So I've had another conversation with my partner and his absolute view is that he has a court order to pay her X amount per month. That is what she's entitled to and not a lump sum.

My agreement with him is that I will be buying into the property at X amount per month but I will not be paying as a lump sum unless the exchange rate is advantageous. It currently is not so it would be foolish to pay it all now.

He said his view is that if she makes steps to solving this herself then he will look what can be done, but otherwise he feels he would again be solving her problem when there is no legal responsibility to do so. He no longer morally feels he should either. Instead we should focus on energy on making sure the children are well cared for and dealing with any fallout that comes from this with regards to their welfare only.

It feels 'cold' to me, but it is his decision.


----------



## Diceplayer (Oct 12, 2019)

You sound like a very kind and loving person, but this woman is not a rescue project. Stay out of it. It's not your problem. People have to face the consequences for their own actions. You are injecting your own thoughts about the children. They will be fine. Just stay out of it.


----------



## MarmiteC (Jun 28, 2021)

Numb26 said:


> Don't let someone drag you or the children I to something that only they can fix. And speaking about the kids, you can't protect them from the consequences of an addicts decisions. In fact, you shouldn't for two reasons. One, it will guarantee that they will have no false impressions on the type of person she is. And two, it's the best teaching opportunity you could have.
> 
> My XW spent time in the court system, in prison and in recovery. I did not hide any of those fact from my kids and answered any questions they had about their mother. Yes it was hard and sometimes painful but them knowing the truth and seeing the consequences of her actions was necessary.

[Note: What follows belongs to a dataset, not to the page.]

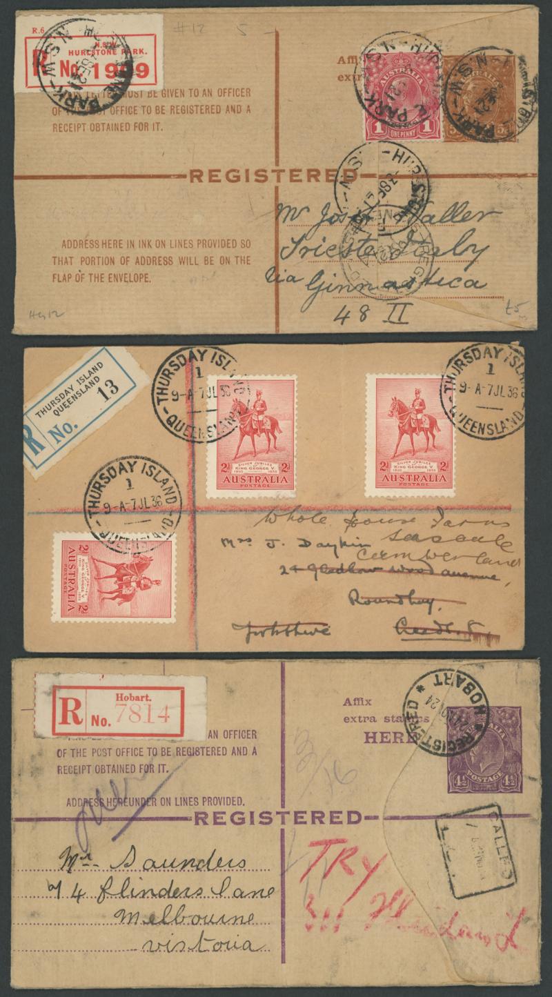 Registered Mail group including 1921 Registration Envelope KGV 5d brown to Italy with KGV 1d red added and Hurlstone Park, NSW
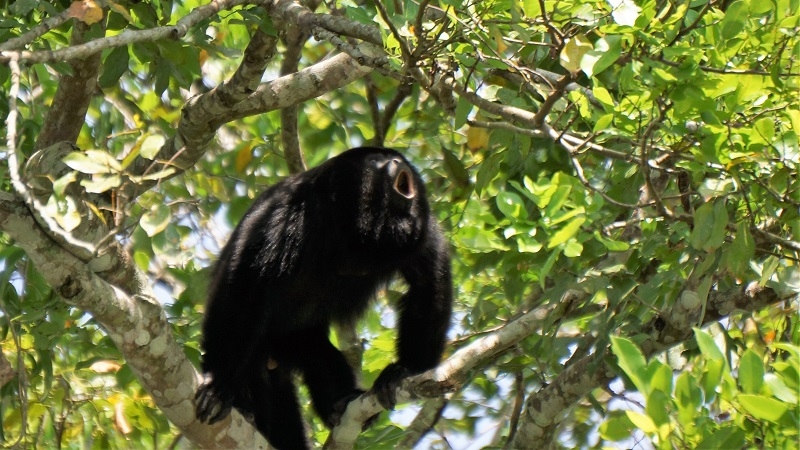 Danach geht unsere Reise im Bus weiter. Wir haben für die kommende Nacht den Rucksack gepackt, denn der Koffer bleibt im Bus. Über Flores werden wir an den Rio Pasion gefahren, wo wir in ein Langboot umsteigen. Dieses führt uns zur Chiminos Island Lodge am Ufer der Laguna Petexbatún, wo wir zum Mittagessen erwartet werden. Auf der Fahrt begegnen wir u.a. einem rotbraun gefärbten Adler mit hellem Kopf und zweimal je einer Gruppe Brüllaffen. Sie bewegen sich in den Kronen hoher Bäume und geben mit lautem Brüllen und Knurren kund, dass ihnen unsere Anwesenheit in ihrem Revier absolut missfällt. In der Lodge angekommen, gibt es eine leckere Guisquilsuppe, eine Art Kohlgemüse, fein zubereitetes Hühnchenfleisch mit Reis und Gemüse und zum Dessert Wassermelone.

Thank you for sharing this. This advice is aligned with what the counsellors told my partner during mediation. They advised the kids are told. He wanted to but she requested he didn't. Now we're just preparing to sit them down and explain why they won't see their Mother this weekend as planned.


----------



## MarmiteC (Jun 28, 2021)

Diceplayer said:


> You sound like a very kind and loving person, but this woman is not a rescue project. Stay out of it. It's not your problem. People have to face the consequences for their own actions. You are injecting your own thoughts about the children. They will be fine. Just stay out of it.


Thanks. Quite blunt and to the point, but you are right and probably what I needed to hear.


----------



## Numb26 (Sep 11, 2019)

MarmiteC said:


> Thank you for sharing this. This advice is aligned with what the counsellors told my partner during mediation. They advised the kids are told. He wanted to but she requested he didn't. Now we're just preparing to sit them down and explain why they won't see their Mother this weekend as planned.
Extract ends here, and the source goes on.